I have and use both Claude Code and Gemini CLI, and still don't consider Gemini worth starting for coding except to review Claude's output in critical commits (on a security boundary, maybe broad refactors, etc.), though I try side-by-side every now and then just to see the state of things. I also use Gemini Pro in a security scanning harness to act as a second set of eyes, but Opus is better at finding security bugs than Gemini, so I don't know that it's accomplishing anything beyond just using Opus.
Gemini Pro 3.1 for agentic coding is still clumsy. It chews a lot, has a harder time with tools and interacting with the codebase. I haven't tried any 3.5 version, yet, though. The benchmarks look promising.
I'll note I like the Google models' prose better than any others at the moment, though. Even the small open models (Gemma 4 family) have excellent prose, relatively speaking, that doesn't stink of the LLMisms that I find so annoying about OpenAI (especially) and Anthropic models. So, I'll probably start using Gemini for writing API docs, even if all code is Claude.
I would argue that prose is just a prompt issue. GPT 5.5 outout is easier to control whan Gemini by prompting. Having better defaults does not make it necessarily better.
I would disagree. I think it'd take a lot of prompting to make GPT 5.5 not have the underlying personality of GPT, which I find awful. They have knobs in ChatGPT to choose a "professional" tone, which improves it somewhat, but even that is still the worst prose of any leading model.
My default AGENTS.md/CLAUDE.md/etc. is a few sentences from Strunk and White, to try to make all the models not suck at writing. It helps keep the models brief, but it doesn't actually make models with shitty prose have good prose. The relevant portion of my agents file is: "Omit needless words. Vigorous writing is concise. A sentence should contain no unnecessary words, a paragraph no unnecessary sentences, for the same reason that a drawing should have no unnecessary lines and a machine no unnecessary parts." Which might add up roughly the same as "be brief" in the weights, I don't know.

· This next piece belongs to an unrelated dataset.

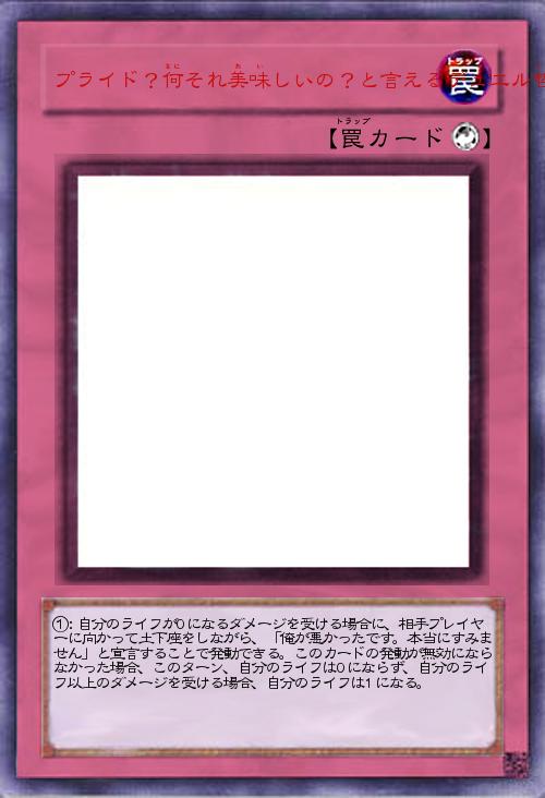 | ①:自分のライフが0になるダメージを受ける場合に、相手プレイヤーに向かって土下座をしながら、「俺が悪かったです。本当にすみません」と宣言することで発動できる。このカードの発動が無効にならなかった場合、このターン、自分のライフは0にならず、自分のライフ以上のダメージを受ける場合、自分のライフは1になる。 | |||

If you have a prompt that makes GPT a decent-to-good writer, I would like to see it.
Gemini produces decent-to-good prose without prompting, which improves if instructed to be concise. The other models, even the frontier models, do not have decent-to-good prose without prompting, and even with prompting, rarely elevate to what I would consider Good Enough. Part of this may be that GPT and Claude models get used a lot more heavily, and so I'm highly tuned into their idiosyncrasies. The heavy use of emojis, the click-bait headline style, etc. that they both use unprompted. All of that is repugnant to me, so anything that doesn't do all that by default, or at least not as aggressively, has a huge leg up.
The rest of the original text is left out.